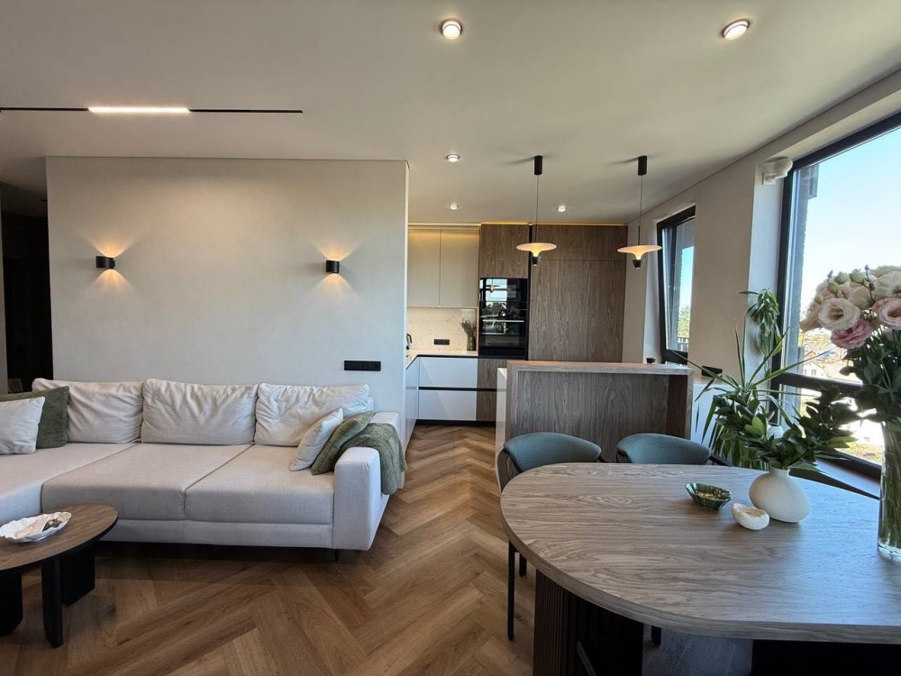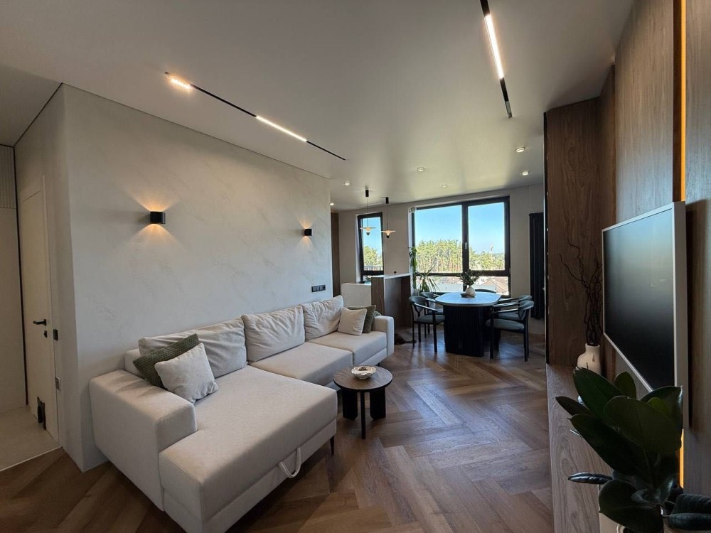 Велика кухня-вітальня, дві повноцінні спальні кімнати, гардероб в двух спальнях, два санвузли (душова, ванна), Видова укомплектована тераса.
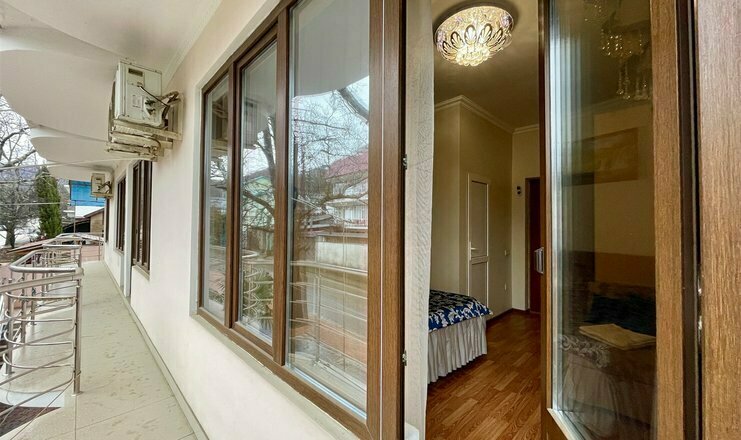На поезде до ж/д вокзала Сочи, далее на электричке до станции «Лоо», затем пересадка на автобус № 77, 148, 149, 150, 151, 75, 76 до остановки «Санаторий Горный Воздух», далее пройти 1,93 км до гостевого дома.
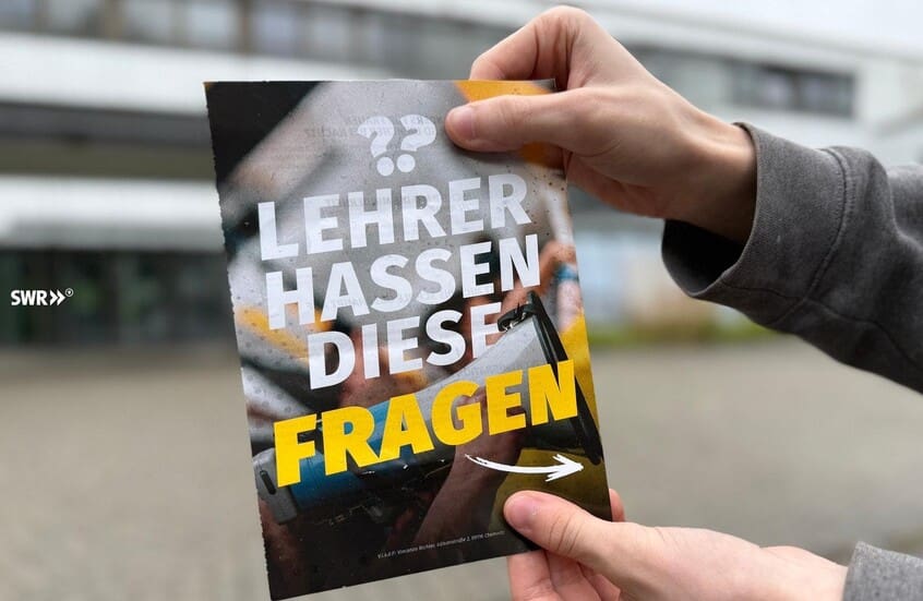 تستهدف هذه المنشورات طلاب المدارس بشكل خاص، وتحمل عنوانًا استفزازيًا هو “المعلمون يكرهون هذه الأسئلة”. ويتضمن الجانب الآخر من المنشور أسئلة ومعلومات تحاول إيهام القراء بأن الألمان أصبحوا أقلية في بلادهم، وتتطرق لقضايا حساسة مثل الاعتداءات الجنسية، ومخاوف الشباب بشأن المستقبل، ومعاشات التقاعد، والتضخم. وتقدم الحركة حلًا جذريًا لهذه المشكلات يتمثل في “إعادة التهجير”.
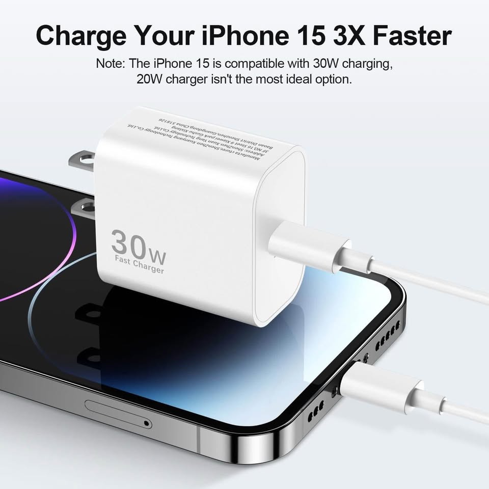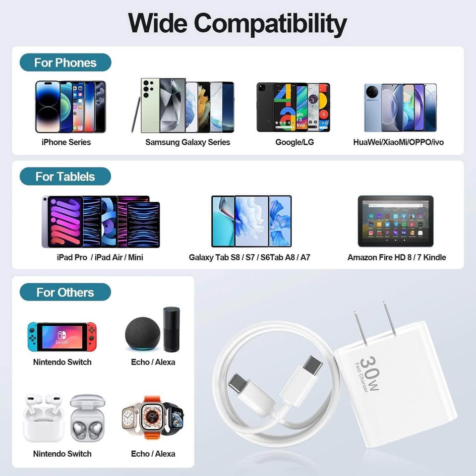 每套包含一个 30W 适配器 + 一根 6.6 英尺长的电缆——非常适合家庭、办公室或旅行使用。
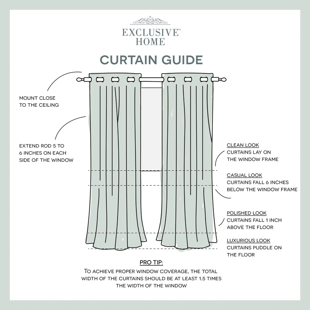 Product Description The Velvet Heavyweight Light Filtering Grommet Top Window Curtain Panels in winter white bring a rich, luxurious look and feel to any room and offer a simple way to add color and texture to your decor. These plush velvet panels have a light-filtering opacity and filter light beautifully into your space while also providing privacy. Hang from the silver grommets using your favorite curtain rod up to 1.25" in diameter. For proper look and fullness, the curtains should measure 2-3 times the width of your window. From the Manufacturer Amalgamated Textiles USA, Inc, is North America’s leading supplier of home textiles and ready-made drapery by delivering high fashion designs, patterns, varying textures, and colors in an “affordable luxury” quality that today’s consumers expect. From classic solids to today’s top fashion trends, you are sure to find window panels to fit any look, mood, or style to complete your home décor project. We offer an array of fabric constructions as well, including jacquards, linens, burlap, sheers, thermal/blackout, silk and faux silks, polyester and poly blends, and cotton and cotton blends. These constructions are offered in varying designs and colors including solids, prints, textures, thickness, lengths, widths, and burnouts. Like millions of customers already have, let our window coverings be the anchor of each room in your home! LUXURIOUS: The Exclusive Home Velvet Heavyweight Grommet Top Curtains offer a rich, luxurious look for your windows. The light-filtering fabric filters light beautifully into your space while also adding color and texture to your decor. LIGHT FILTERING OPACITY: light filtering opacity provides privacy to your room while still allowing natural light to shine through. It's perfect for diffusing light beautifully into your space. GROMMET TOP FOR HANGING: These curtain panels feature eight (8) matte silver grommets per curtain panel and fits a curtain rod up to 1.25" in diameter. Each panel is sewn with a 3.5" heading, 1" side hem, and 3" bottom hem. SET OF CURTAIN PANELS: Includes (2) curtain panels, each measuring 54"W x 84"L. PLUSH VELVET: These well-crafted, plush velvet panels enhance any space in your home with vivid color and lavish texture, Hang them in your living room, dining room, bedroom, office, hallway, or entryway.
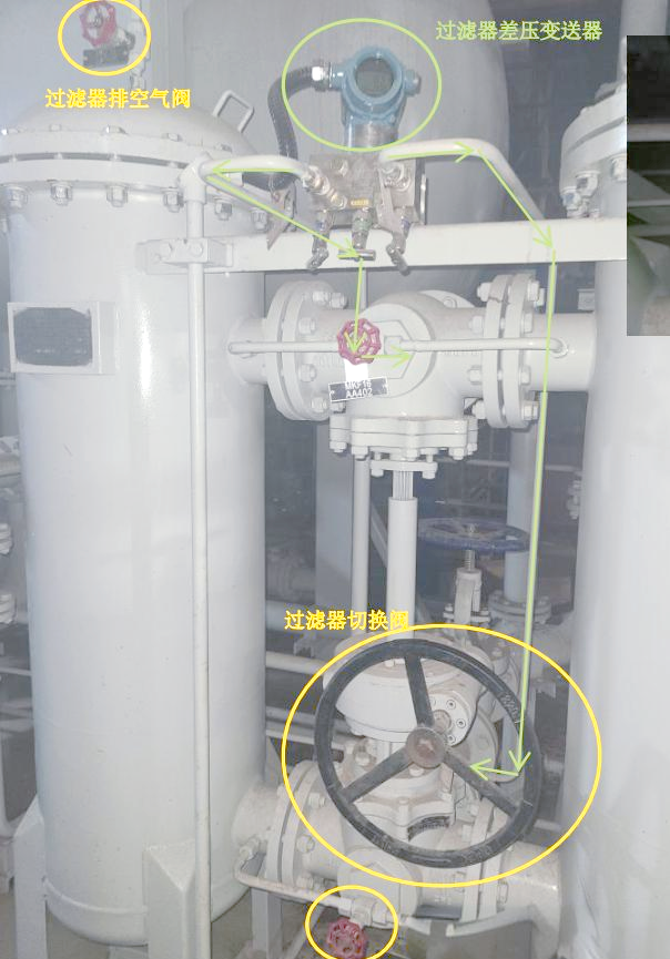 過濾器受污染的程度可以通過其兩端的壓差變送器進行監(jiān)測。一旦過濾器兩端的壓差達到預設的閾值,壓差變送器會觸發(fā)“過濾器壓差高”的報警信號。在接收到此信號后,應立即啟動備用過濾器,同時對堵塞的過濾器濾芯進行清理或更換。
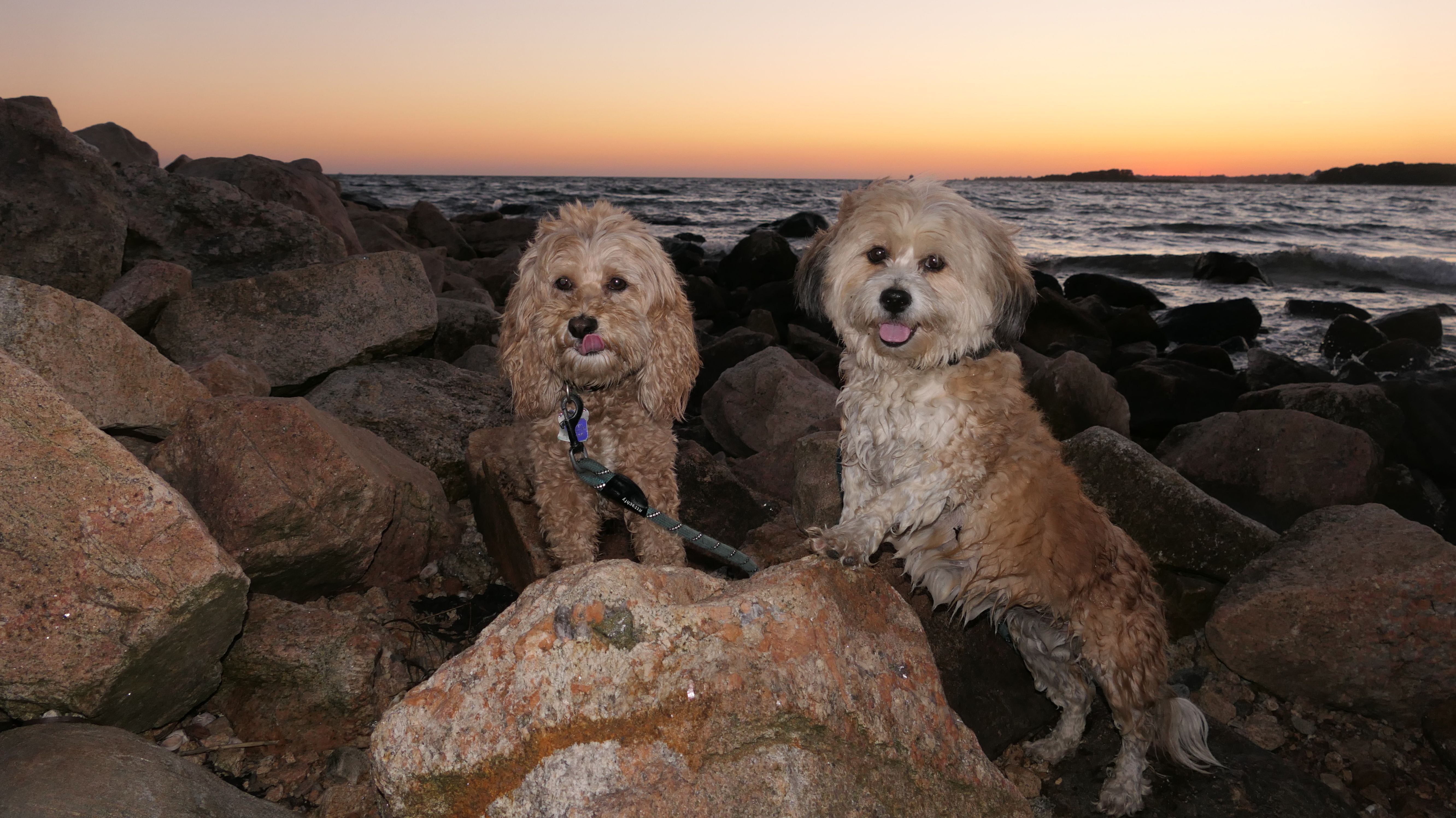 This is one of the nicer shoreline spots in Connecticut, and since we hadn't been here in over four years, we decided to head back after work. We got there about half an hour before sunset, but I totally forgot it's a mile and a quarter walk just to get to the beach. The trail runs along the Poquonnock River, so we stopped for a couple quick photos, then ended up jogging part of the way so we wouldn't miss the sunset. We made it just in time, and I managed to get one good shot of the dogs. There were even some waves for a change, probably from a storm way offshore. Mandy went right in the water after the sun went down, while Lexi only dipped her paws. After that, we made the mile-and-a-quarter walk back in the twilight.
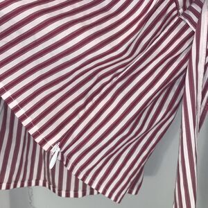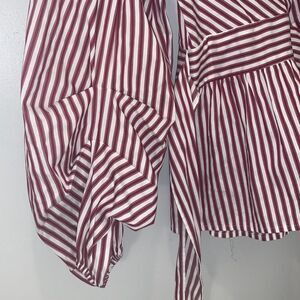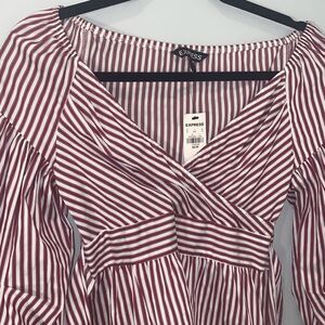 NWT Express Women's Preppy Striped Wrap Blouse Puffed Sleeves Top Red White XS
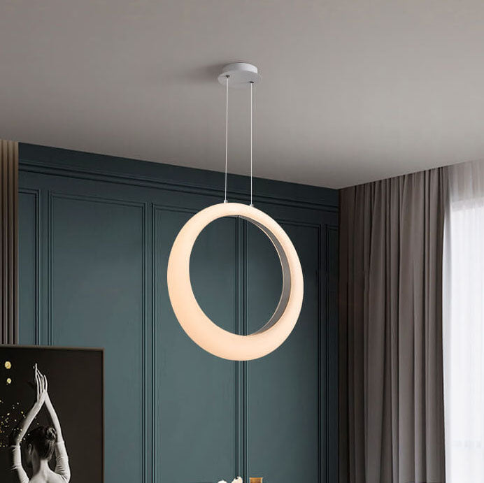 Nordic Minimalist PE Circle Ring Electroplated Iron LED Pendant Light
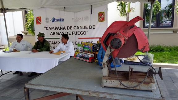 Erik Guzmán Canales teniente del ejército mexicano señala que las personas que llegan con armas o municiones no se les cuestionan en lo absoluto su procedencia o como fue adquirida, íºnicamente se procede a recibirla y dependiendo del calibre se efectíºa el canje en vales de despensa o juguetes.

▶ [PROBLEM DESCRIPTION]: From the first line through the line with "На поезде до", output those lines of the entries above exactly, and nothing else, with the pictures left out.

▶ [SOLUTION TO THIS PROBLEM]:
 Велика кухня-вітальня, дві повноцінні спальні кімнати, гардероб в двух спальнях, два санвузли (душова, ванна), Видова укомплектована тераса.
На поезде до ж/д вокзала Сочи, далее на электричке до станции «Лоо», затем пересадка на автобус № 77, 148, 149, 150, 151, 75, 76 до остановки «Санаторий Горный Воздух», далее пройти 1,93 км до гостевого дома.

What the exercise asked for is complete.